3.7: Python Assignment

  • Page ID
    169647
  • Compound vs Substance

    Downloadable Files

    lecture04_Standardization

    • Download the ipynb file and run your Jupyter notebook. 
      • You can use the notebook you created in section 1.5 or  the Jupyter hub at LibreText: https://jupyter.libretexts.org (see your instructor if you do not have access to the hub).   
      • This page is an html version of the above .ipynb file. 
        • If you have questions on this assignment you should use this web page and the hypothes.is annotation to post a question (or comment) to the 2019OLCCStu class group.   Contact your instructor if you do not know how to access the 2019OLCCStu group within the hypothes.is system.

    Required Modules

    • Requests
    • RDKit
    • time
    • PIL (?)
    • IPython.Display

     

     

    Objectives

    • Understand the difference between compounds and substances in PubChem's terminology.
    • Learn how chemical structures are represented in a real world.
    • Understand the disambiguity of name-structure associations.
    • Learn how to draw chemical structures programmatically.

    Note

    To use the python code in this lesson plan, RDKit must be installed on the system.
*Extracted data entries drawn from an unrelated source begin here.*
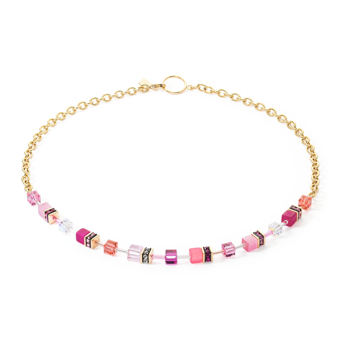 The Iconic Chain necklace gives the classic GEOCUBE® design a modern edge. Stainless steel chain gives the necklace a modern, contemporary look and forms a stunning contrast with the colourful GEOCUBE® beads. The gold and magenta colourway is striking and can be worn with a range of outfits on different occasions.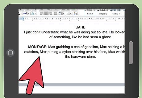 Add in shot notes. You should include notes on how a shot will look on screen, especially if you feel it is important how the shot appears and want to notate this to your reader. Rather than include shot notes for every line of dialogue or throughout every scene, pick key moments in a scene to include a shot note. Common shot notes include “CLOSE UP” or “TIGHT ON”, which indicates a close up on a person or object on screen. For example: “CLOSE UP on Max’s face.” If someone or something is going to be inserted into an ongoing scene, you may put in an "INTERCUT." Notate the intercut on its own line to the left margin of the page and then specify what is being inserted. For example, "INTERCUT PHONE CONVERSATION." You may also note if there is going to be a montage on screen. A montage is a series of images that reflect a theme, contradiction, or passage of time. Notate a montage with the word “MONTAGE” and then a list of the images in the montage. For example, “MONTAGE: Max grabbing a can of gasoline, Max holding a box of matches, Max putting a nylon stocking over his face, Max walking up to the hardware store.” You can also notate if you are going to use a tracking shot to follow a person or an object on screen. You may write “TRACKING SHOT” and then have a brief action line explaining the shot. For example, “TRACKING SHOT: Max walks up to the hardware store with the can of gasoline and the matches.”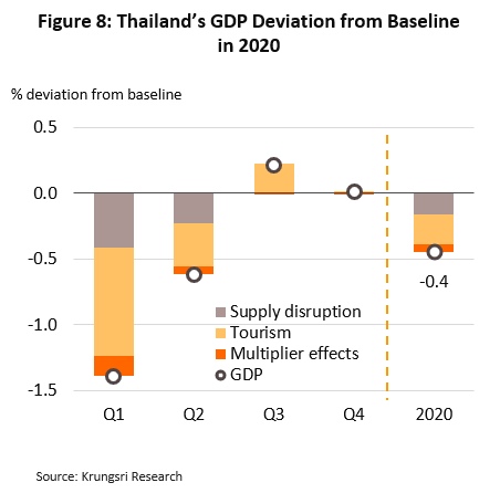 Thai economy would be affected by weaker tourism receipts, supply disruption in China, and income effects. Like its neighbors, Thailand’s economic growth is forecasted to drop by 0.4 ppt in 2020 [Figure 8]. The tourism sector would be responsible for 0.23 ppt drop and trade disruption for 0.16 ppt. The model also suggests the impact on the tourism sector would peak in the first quarter of 2020, and the impact from supply disruption would peak in the second quarter.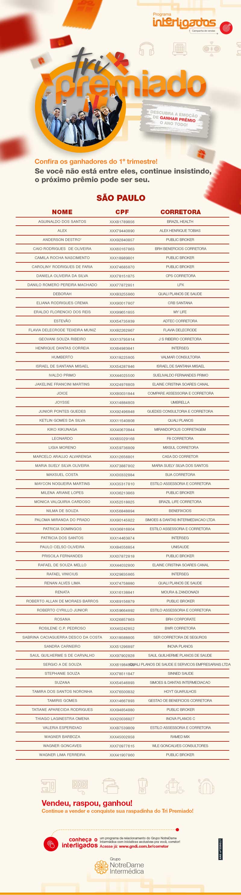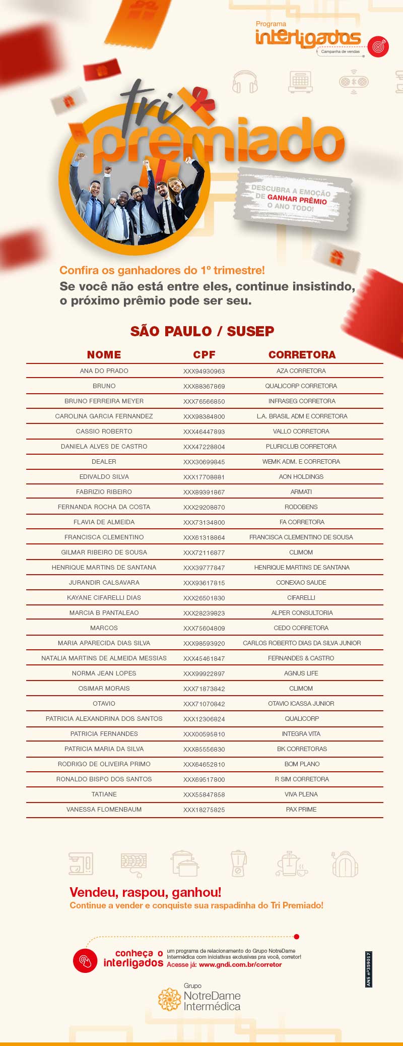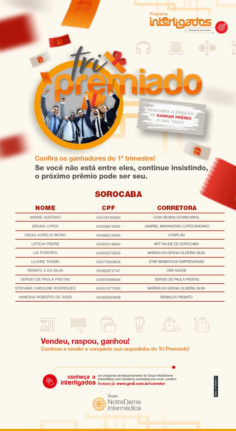 Confira a lista de ganhadores do 1º trimestre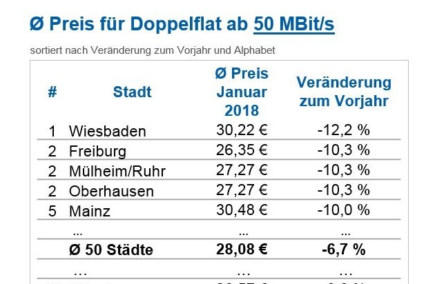 - Stärkster Preisrückgang bei 50 MBit/s in Wiesbaden, schwächster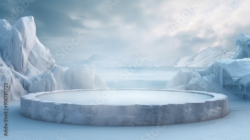Product placement scene mockup from frozen ice pedestal for presentation. Neural network ai generated art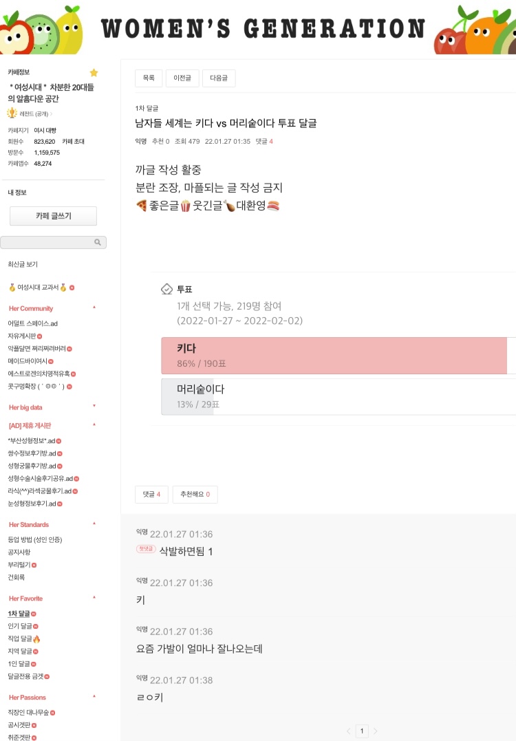 키작남 테라포밍 안당한 사이트는 얼굴까고 민증인증 요구하는 여시밖에 없고(여기도 몇몇은 아이디 사서 오는데 대부분 밴 먹는다.) 그나마 쭉빵이 준회원방 이외에 다른 게시판 열람하려면 여자아이디 + 글 100개, 댓글 100개, 방문일수 33일(당연히 게시글수 채우기용으로 성의 없이 글 적으면 영구 탈퇴)을 채워야해서 테라포밍하러 들어온 난쟁이들의 상당수가 떨어져나갔다. | 키작남 테라포밍 안당한 사이트는 얼굴까고 민증인증 요구하는 여시밖에 없고(여기도 몇몇은 아이디 사서 오는데 대부분 밴 먹는다.) 그나마 쭉빵이 준회원방 이외에 다른 게시판 열람하려면 여자아이디 + 글 100개, 댓글 100개, 방문일수 33일(당연히 게시글수 채우기용으로 성의 없이 글 적으면 영구 탈퇴)을 채워야해서 테라포밍하러 들어온 난쟁이들의 상당수가 떨어져나갔다. | ||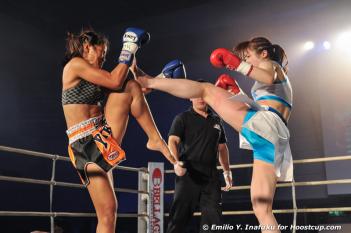 谷山は女子空手世界王者の風格で道着でリングイン。マエリーはムエタイ選手らしく笑顔で迎える。右ミドルからの右ストレートでペースをつかみたいマエリーだが、谷山はフットワークの遠い間合いから前蹴り、ミドルからのストレートのコンビネーションをおいてのヒット&アウェーで追随を許さない。パンチを嫌がりだしたマエリーのクリンチに疲れの見えた谷山だが、気合とともにたたみ掛け、勝利をもぎとる。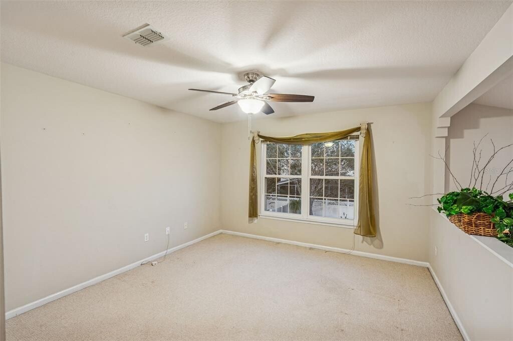 Step into comfort and style at this wonderful 3-bedroom,2.5-bathroom home nestled in the gated resort-style community of Ventura Country Club. This approximately 1,949 square foot residence strikes an excellent balance between comfort and leisure. Walk inside to a bright,open floor plan that flows effortlessly between the living,dining,and kitchen spaces. The living room boasts soaring ceilings,a wood-burning fireplace,and large windows that flood the space with natural light. The well-appointed kitchen features a breakfast nook,pantry storage,and tile flooring,making it ideal for easy maintenance. Just off the kitchen,you’ll find a spacious Florida room perfect for morning coffee,reading,or entertaining friends and family. The first-floor primary suite offers convenience and privacy,complete with a walk-in closet,ceiling fan,and a private ensuite bathroom with dual sinks and a large vanity. Upstairs,two additional bedrooms share a full bath and a loft area that can be used as a home office,playroom,or media space. Throughout the home,thoughtful upgrades and well-maintained finishes create a warm,welcoming environment that feels both functional and luxurious. Enjoy Florida’s sunshine in your private screened-in lanai,an inviting space perfect for evening dinners or simply unwinding after a day on the golf course. The backyard offers privacy and lush green surroundings,with low-maintenance landscaping and space for small outdoor activities or a garden setup. The two-car garage provides ample storage,and the quiet cul-de-sac location ensures peace and minimal traffic. This property is a short drive from the Orlando International Airport,less than a 15-minute drive. MLS# O6359599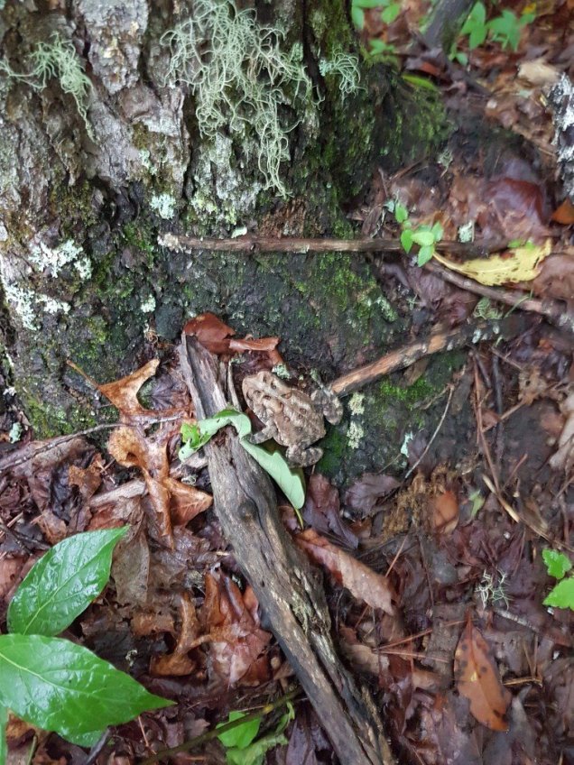 Unterwegs sah ich eine kleine Kröte. Genau eine solche, nur grösser, hatte die Schlange gestern beim Shelter gefressen.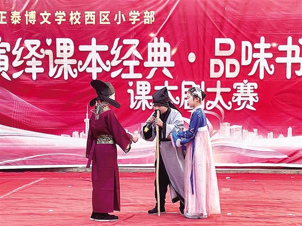 近日,项城市正泰博文学校西区小学部举办一场别开生面的课本剧大赛。学生们身着华丽服装,变身小演员,过了一把戏瘾。 记者 张志新 通讯员 李丹 郭顺舟 摄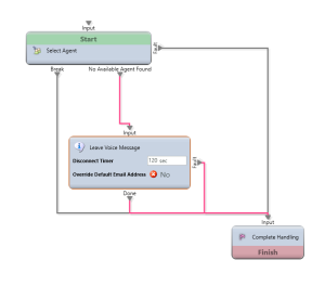 Usually, the flow proposes to the user to leave a message when no available agent is found within the time allowed for agent waiting. Any other scenarios when this activity will be used are also possible.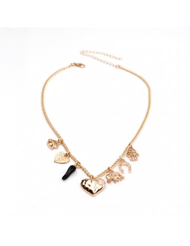 Collar de cadena diferenciada con múltiples dijes exclusivos dorados.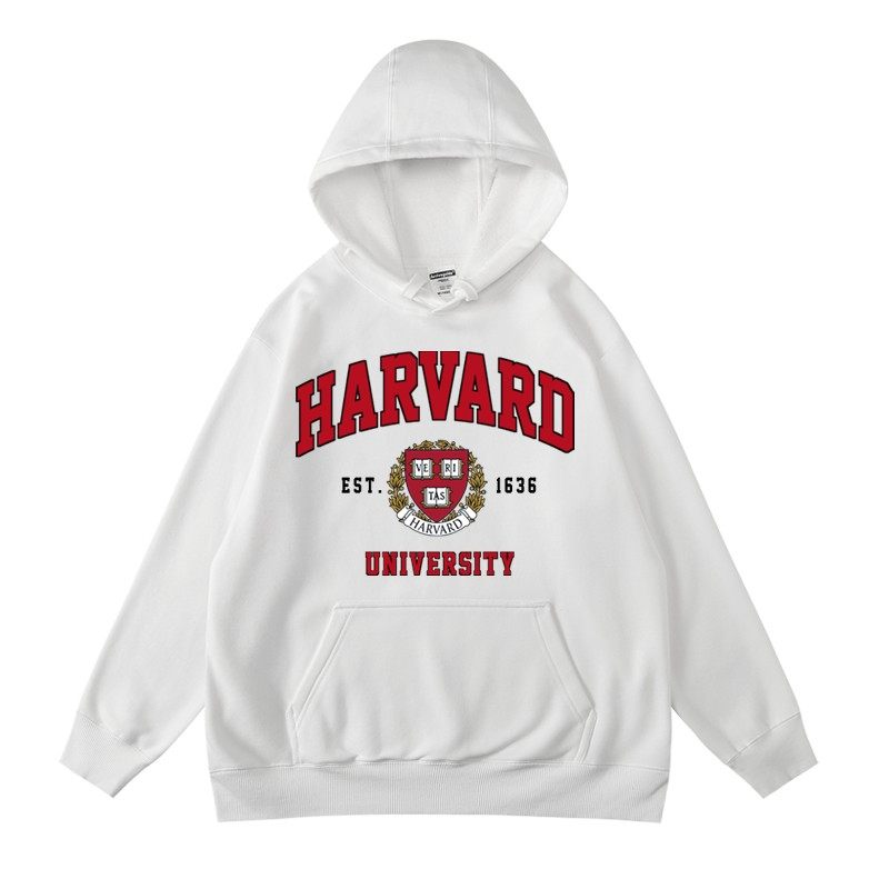 名校学院文艺风美国哈佛大学印花秋冬加绒套头连帽卫衣帽衫男女款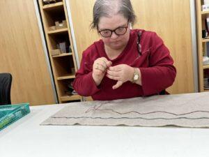 Tanja Skubic se iz Trbovelj v VDC pripelje s kombijem. Zjutraj se najprej preobleče in preobuje, nato pa pohiti v delavnico. Povedala je, da vedno ob prihodu lepo pozdravi vse mentorje in ostale uporabnice. Ob našem obisku VDC-ja je simpatična Tanja ravno izdelovala stebelni vbod za prodajo torb, ki jih prodajajo pod znamko Prešito. Najljubše aktivnosti v zagorski organizaciji Trboveljčanka nima, prav vse ji je všeč. Kot je dodala, zelo rada hodi v VDC in vedno pride z dobro voljo. Skubiceva ima tudi podporne storitve. Vsakič nestrpno pričakuje prijateljico, ki se v sistemu podpornih oseb z njo odpravi po nakupih in na sprehode. Po sprehodu si velikokrat privoščijo tudi kakšno kavico. Trenutno pa je v pričakovanju prav posebnega dogodka: “Mama je kupila karte za koncert Helene Blagne, se že zelo veselim,” nam je navdušeno zaupala.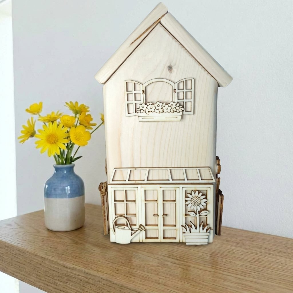 Detailně propracované výřezy z překližky jsme navrhli v naší dílně. Od nákresu až po laserový výřez jsou originálním výrobkem ozivdomov.cz, který jinde nenajdete. Sada obsahuje domeček s okny a dveřmi, rukavice, konvičku, rýč, plot, množství květin a také celý skleník.
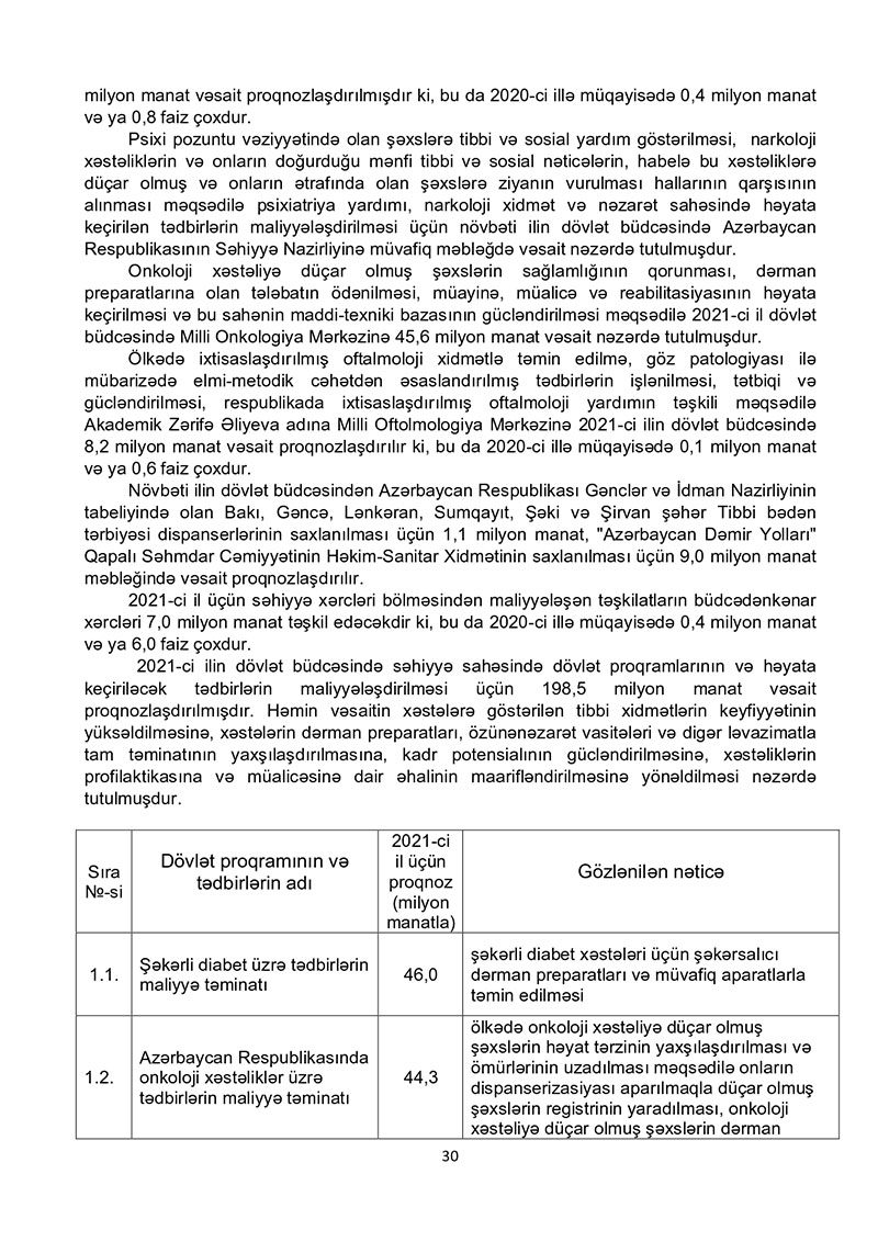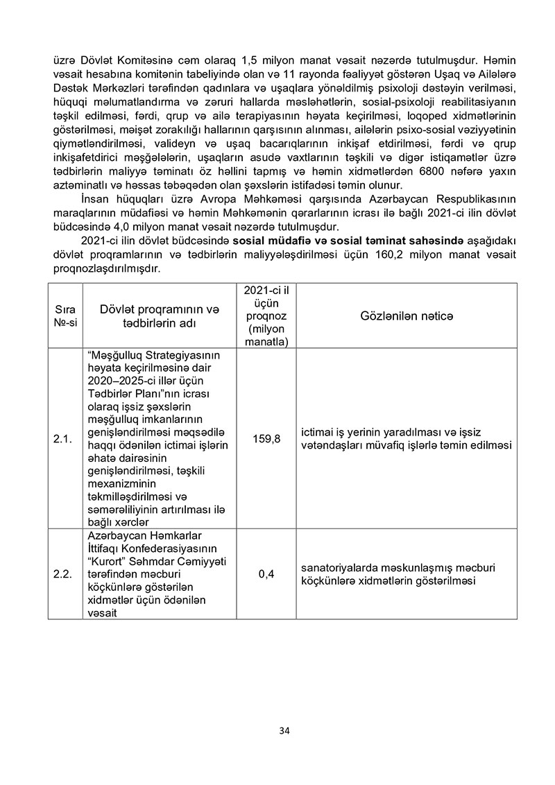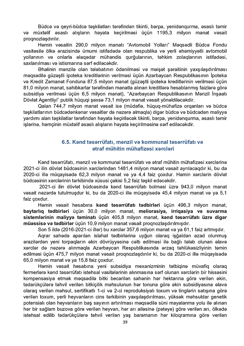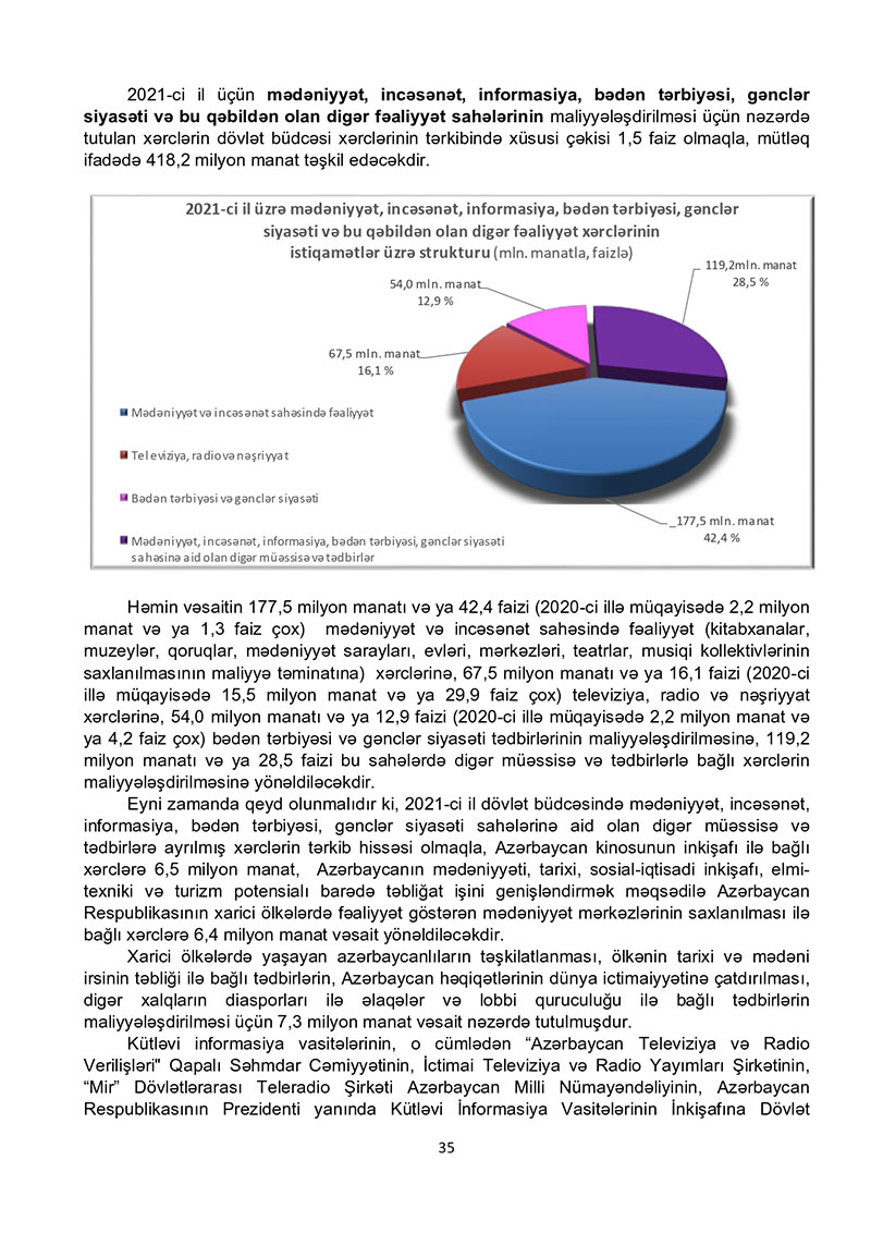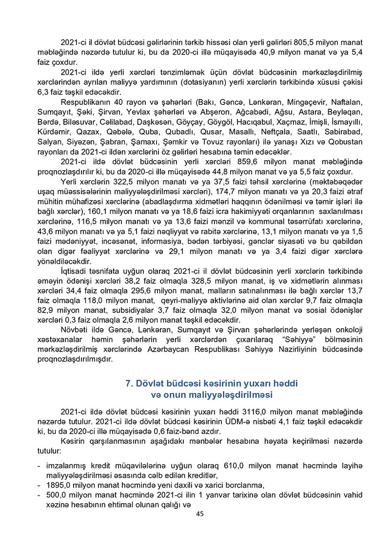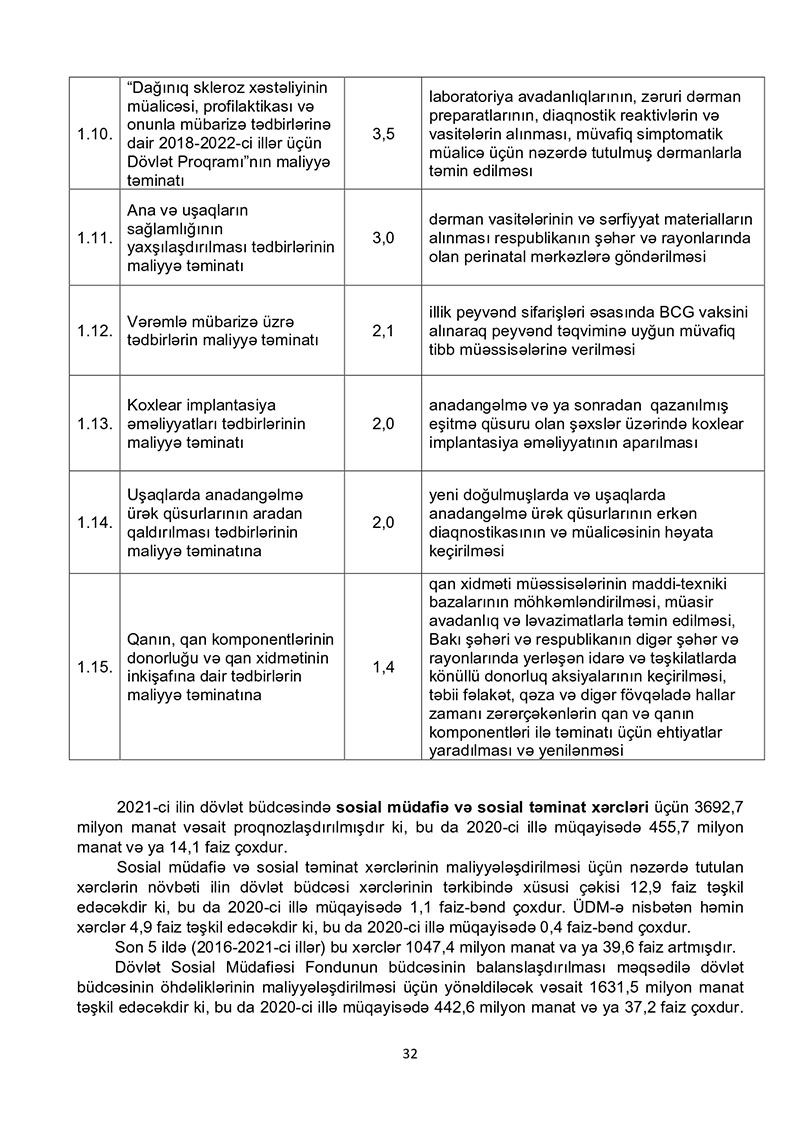 “Azərbaycan Respublikasının 2021-ci il dövlət büdcəsi haqqında” Azərbaycan Respublikasının Qanun 2021-ci il dövlət büdcəsi layihəsinə dair İZAHAT

    Many users can simply run the following code in the command prompt to install RDKit. (be sure you are in the OLCC environment of conda)

    conda install -c rdkit rdkit

    Access to the full installation instructions can be found at the following link. https://www.rdkit.org/docs/Install.htm

     

     

    Structure Standardization

     

    PubChem contains more than 200 millions chemical records submitted by hundreds of data contributors. These depositor-provided records are archived in a database called "Substance" and each record in this database is called a substance. The records in the Substance database are highly redundant, because different data contributors may submit information on the same chemical, independently of each other. Therefore, PubChem extracts unique chemical structures from the Substance database through a process called standardization (https://doi.org/10.1186/s13321-018-0293-8). These unique structures are stored in the Compound database and individaual records in this database is called "compounds". To learn more about the PubChem compounds and substances, please read this PubChem Blog post (https://go.usa.gov/xVXct).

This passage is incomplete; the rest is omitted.